Material for this task:
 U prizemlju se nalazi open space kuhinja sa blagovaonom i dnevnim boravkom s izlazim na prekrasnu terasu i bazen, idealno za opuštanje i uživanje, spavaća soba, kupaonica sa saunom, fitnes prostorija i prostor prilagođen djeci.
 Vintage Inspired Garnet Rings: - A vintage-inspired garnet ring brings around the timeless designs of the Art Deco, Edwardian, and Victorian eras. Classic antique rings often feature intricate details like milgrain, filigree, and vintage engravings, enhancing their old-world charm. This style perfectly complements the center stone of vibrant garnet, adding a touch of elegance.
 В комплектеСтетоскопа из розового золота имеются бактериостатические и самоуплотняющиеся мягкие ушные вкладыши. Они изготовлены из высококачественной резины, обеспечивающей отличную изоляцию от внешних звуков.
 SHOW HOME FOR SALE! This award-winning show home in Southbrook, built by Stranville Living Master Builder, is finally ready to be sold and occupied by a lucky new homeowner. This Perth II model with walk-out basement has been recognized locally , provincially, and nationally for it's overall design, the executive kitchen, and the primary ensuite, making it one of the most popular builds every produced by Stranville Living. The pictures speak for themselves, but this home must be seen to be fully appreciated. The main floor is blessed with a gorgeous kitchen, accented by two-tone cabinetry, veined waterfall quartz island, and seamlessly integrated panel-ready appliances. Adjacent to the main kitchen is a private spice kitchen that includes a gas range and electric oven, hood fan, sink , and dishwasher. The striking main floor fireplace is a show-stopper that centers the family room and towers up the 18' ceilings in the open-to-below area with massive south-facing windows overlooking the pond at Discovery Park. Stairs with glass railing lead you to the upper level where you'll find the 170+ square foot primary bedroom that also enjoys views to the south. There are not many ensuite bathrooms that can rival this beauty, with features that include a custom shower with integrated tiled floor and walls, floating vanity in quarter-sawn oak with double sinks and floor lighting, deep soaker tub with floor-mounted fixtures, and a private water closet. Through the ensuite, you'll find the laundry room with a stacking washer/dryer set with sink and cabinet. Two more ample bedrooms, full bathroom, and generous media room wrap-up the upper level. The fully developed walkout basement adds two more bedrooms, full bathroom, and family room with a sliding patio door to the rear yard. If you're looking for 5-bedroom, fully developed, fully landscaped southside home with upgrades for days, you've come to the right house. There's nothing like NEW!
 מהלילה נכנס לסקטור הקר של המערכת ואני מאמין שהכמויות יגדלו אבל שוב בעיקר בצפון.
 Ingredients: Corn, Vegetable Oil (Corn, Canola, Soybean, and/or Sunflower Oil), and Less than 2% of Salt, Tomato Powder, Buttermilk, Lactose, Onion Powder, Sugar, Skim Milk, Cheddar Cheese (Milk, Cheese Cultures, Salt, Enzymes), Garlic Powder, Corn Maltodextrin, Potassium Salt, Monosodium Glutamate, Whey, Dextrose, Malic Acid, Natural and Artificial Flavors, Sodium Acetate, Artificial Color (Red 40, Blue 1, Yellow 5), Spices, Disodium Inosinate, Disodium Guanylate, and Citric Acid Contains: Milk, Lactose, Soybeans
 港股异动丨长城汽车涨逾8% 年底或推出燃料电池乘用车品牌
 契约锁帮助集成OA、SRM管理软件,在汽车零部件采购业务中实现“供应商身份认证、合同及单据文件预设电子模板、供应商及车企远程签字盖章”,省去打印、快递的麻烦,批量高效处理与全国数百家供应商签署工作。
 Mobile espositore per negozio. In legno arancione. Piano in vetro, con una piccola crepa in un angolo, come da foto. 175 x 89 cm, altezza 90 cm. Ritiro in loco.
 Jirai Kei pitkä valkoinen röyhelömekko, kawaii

What you have to do: Among the entries above, copy exactly only the lines starting with the one containing "Vintage Inspired Garnet" and going through the one containing "В комплектеСтетоскопа из", both ends included.

Task solution:
 Vintage Inspired Garnet Rings: - A vintage-inspired garnet ring brings around the timeless designs of the Art Deco, Edwardian, and Victorian eras. Classic antique rings often feature intricate details like milgrain, filigree, and vintage engravings, enhancing their old-world charm. This style perfectly complements the center stone of vibrant garnet, adding a touch of elegance.
 В комплектеСтетоскопа из розового золота имеются бактериостатические и самоуплотняющиеся мягкие ушные вкладыши. Они изготовлены из высококачественной резины, обеспечивающей отличную изоляцию от внешних звуков.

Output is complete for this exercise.